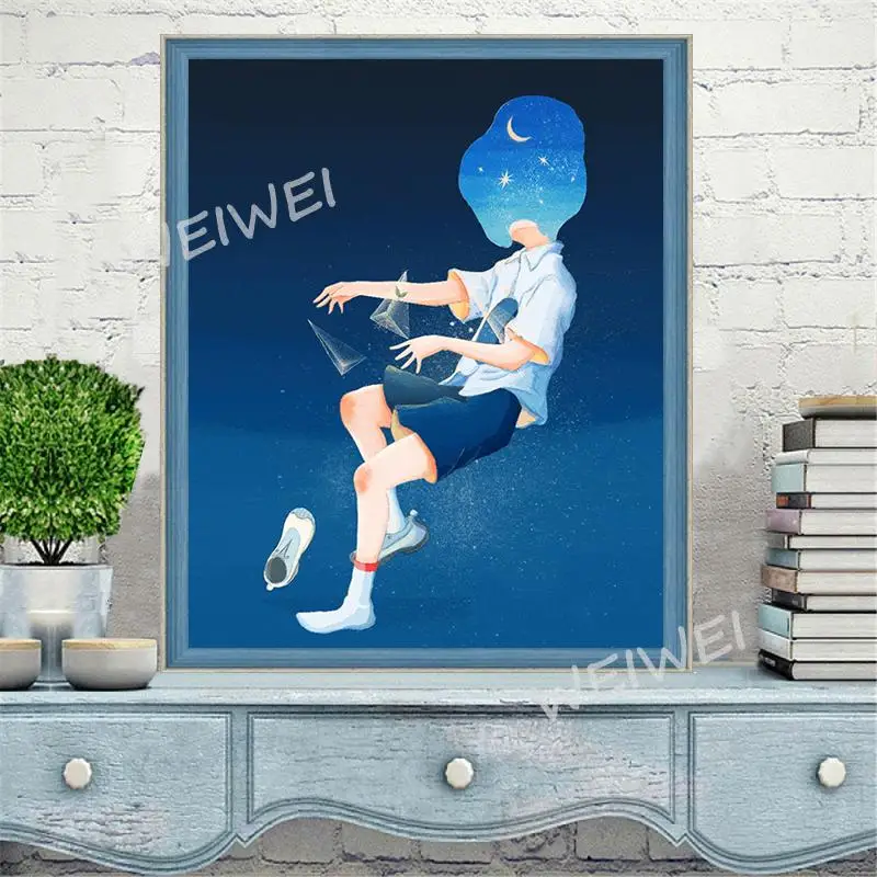 Абстрактная фигурка, морская волна, небо, алмазная вышивка 5D, сдел...
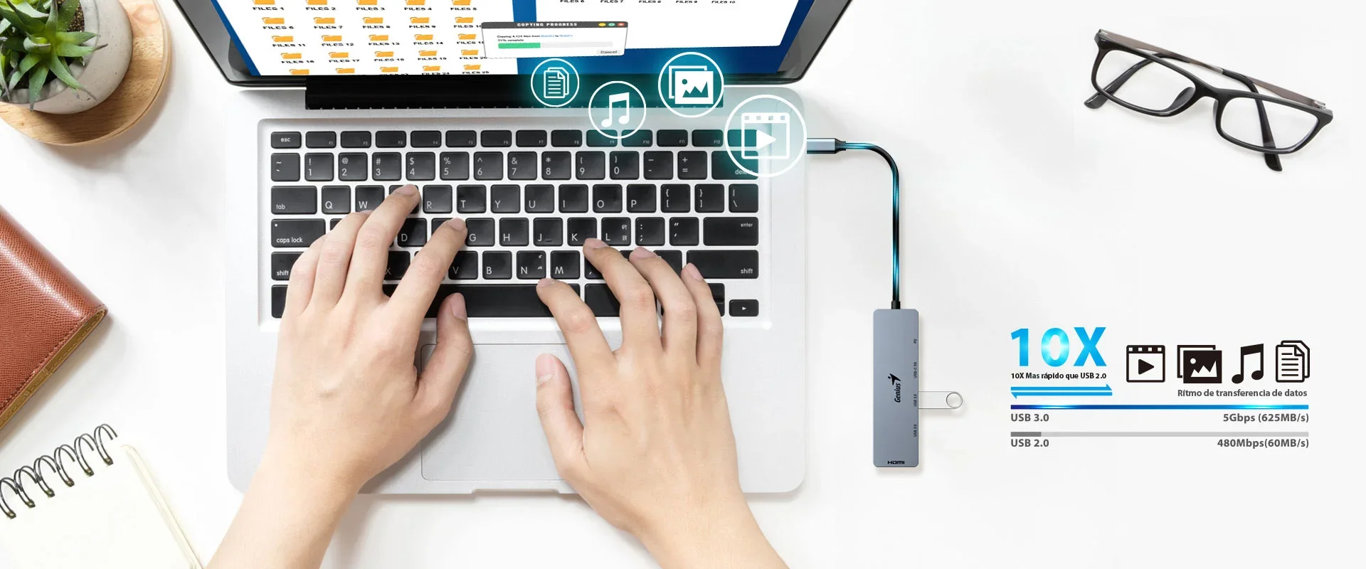 Hub Multipuertos Genius UH-500 5 en 1 / Interfaz: USB-C a 1*HDMI 4K@60Hz, 1*USB-C PD (Carga rápida 100W), 2*USB-A 3.0 & 1*USB-C 5G, / Compatible: Windows®, Mac OS, Android, Apple IOS / Plug & play |
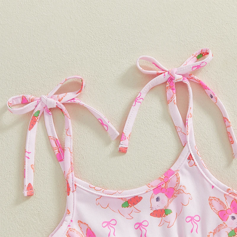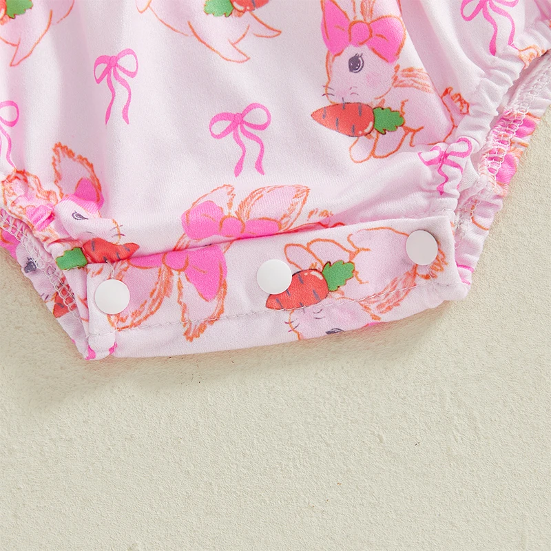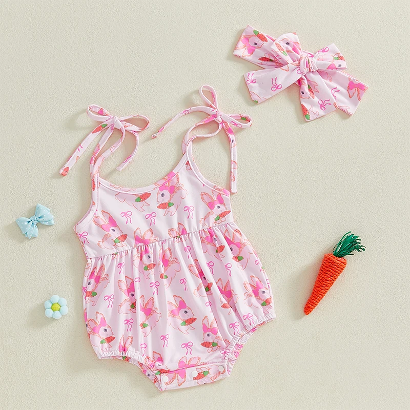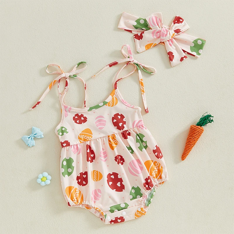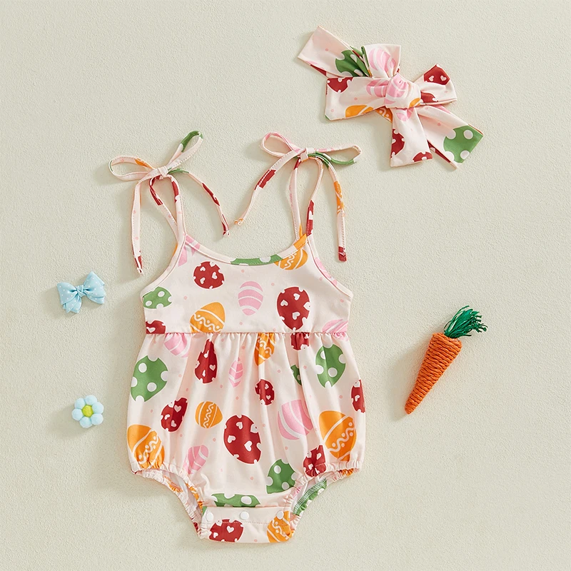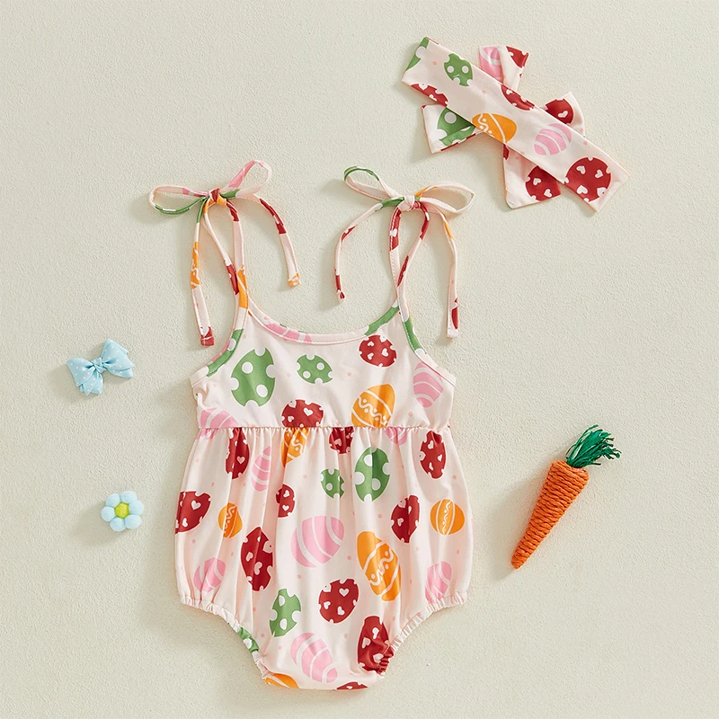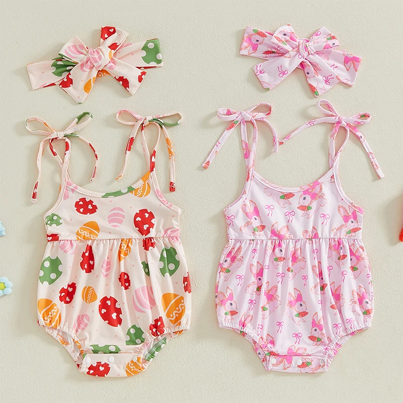 Baby Girls Easter Casual Romper Sleeveless Bunny Carrot/Eggs Print Cami Romper with HeadbandSize (cm)
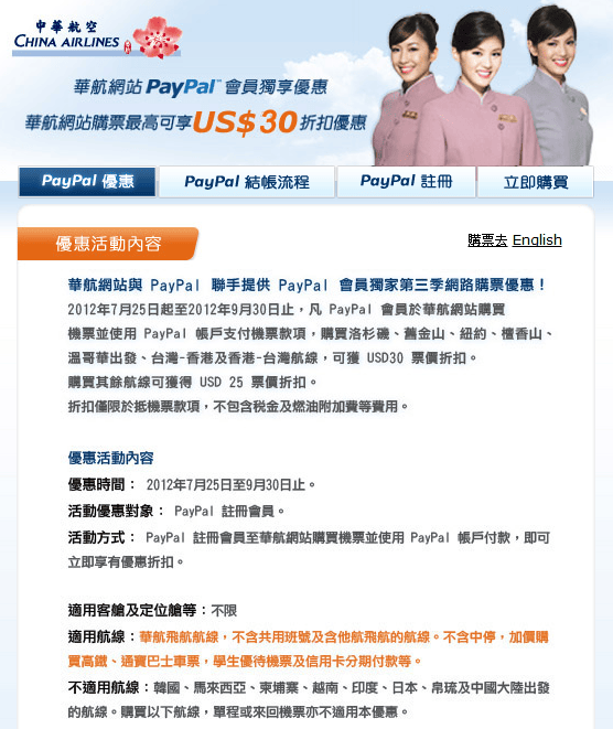 第二季中華航空xPayPal 付款每張機票減$155既優惠7月20日完左啦,仲以為唔會再繼續添
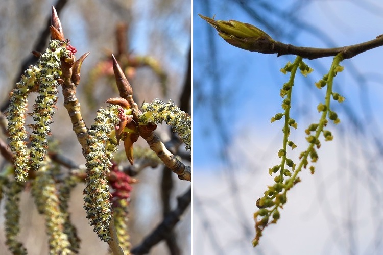 Gli amenti maschili appaiono come piumini pendenti di colore giallo o rosso a seconda del colore delle antere. Albero dioico. La fioritura delle femmine è dimessa e spesso gli amenti si confondono fra i frutti secchi.
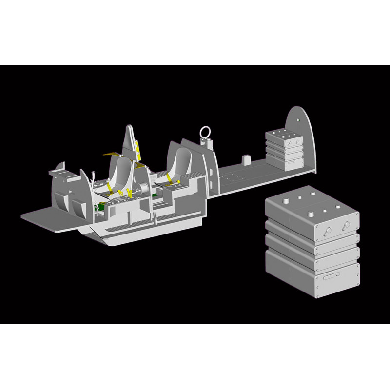 4. Cockpit Détaillé : L'une des parties les plus impressionnantes de cette maquette est le cockpit détaillé. Les instruments, les sièges, les commandes et autres éléments internes sont minutieusement reproduits pour offrir une vue réaliste à travers le pare-brise.
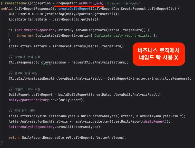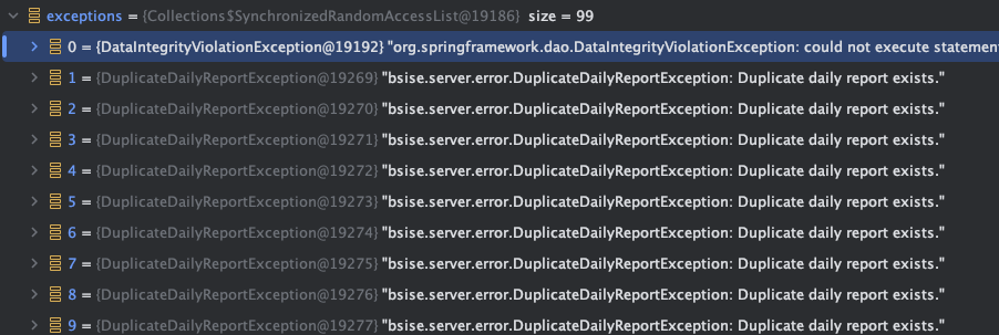의도치 않은 예외들이지만 다행히도 `데일리 리포트 중복 생성 확인` 부분에서 중복 생성을 검증해서 외부 API가 여러 번 호출되는 것은 막았습니다.
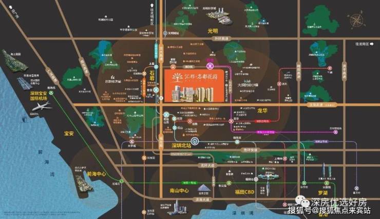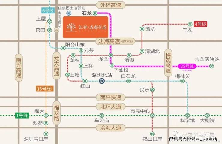 畅享龙大/南光/广深/沈海(机荷)高速,临近地铁6号线/13号线(在建中)/25号线(在建中),6条短线直达6大地铁站(龙胜、元芬、阳台山东地铁接驳已开通)、3条快线直达车公庙(已开通)/科技园(已开通)/大剧院等中心区
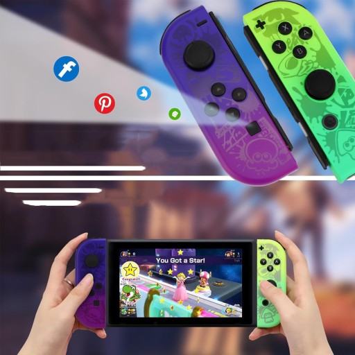 - Jako zamiennik kontrolera Nintendo Switch, kontroler wyposażony jest w 6-osiowy żyroskop somatosensoryczny i funkcję wibracji z dwoma silnikami, aby zapewnić prawdziwe i stymulowane wrażenia z gry. Udostępnij swoją grę znajomym, korzystając z funkcji zrzutów ekranu. Gdy konsola znajduje się w trybie uśpienia, naciśnij i przytrzymaj przycisk Home na kontrolerach, aby wybudzić się przez 1 s–2 s.
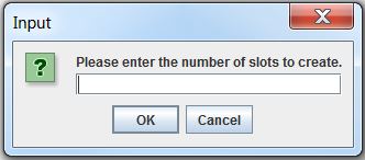 To create slots on the HSM, select File>Create Slot, or click Create Slots on the toolbar. A dialog will prompt for the number of slots to be created.
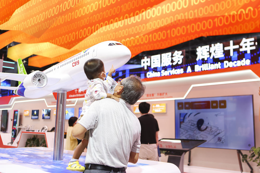 观众在服贸会国家会议中心参观中国服务贸易成就展(2022年9月5日摄)。新华社记者 郝昭 摄

■ ■ ■ ■

**Exercise instructions**
Using the entries above, transcribe exactly from the line that has "Gli amenti maschili" through the line that has "- Jako zamiennik". Pictures are dropped.

**Task solution**
 Gli amenti maschili appaiono come piumini pendenti di colore giallo o rosso a seconda del colore delle antere. Albero dioico. La fioritura delle femmine è dimessa e spesso gli amenti si confondono fra i frutti secchi.
 4. Cockpit Détaillé : L'une des parties les plus impressionnantes de cette maquette est le cockpit détaillé. Les instruments, les sièges, les commandes et autres éléments internes sont minutieusement reproduits pour offrir une vue réaliste à travers le pare-brise.
의도치 않은 예외들이지만 다행히도 `데일리 리포트 중복 생성 확인` 부분에서 중복 생성을 검증해서 외부 API가 여러 번 호출되는 것은 막았습니다.
 畅享龙大/南光/广深/沈海(机荷)高速,临近地铁6号线/13号线(在建中)/25号线(在建中),6条短线直达6大地铁站(龙胜、元芬、阳台山东地铁接驳已开通)、3条快线直达车公庙(已开通)/科技园(已开通)/大剧院等中心区
 - Jako zamiennik kontrolera Nintendo Switch, kontroler wyposażony jest w 6-osiowy żyroskop somatosensoryczny i funkcję wibracji z dwoma silnikami, aby zapewnić prawdziwe i stymulowane wrażenia z gry. Udostępnij swoją grę znajomym, korzystając z funkcji zrzutów ekranu. Gdy konsola znajduje się w trybie uśpienia, naciśnij i przytrzymaj przycisk Home na kontrolerach, aby wybudzić się przez 1 s–2 s.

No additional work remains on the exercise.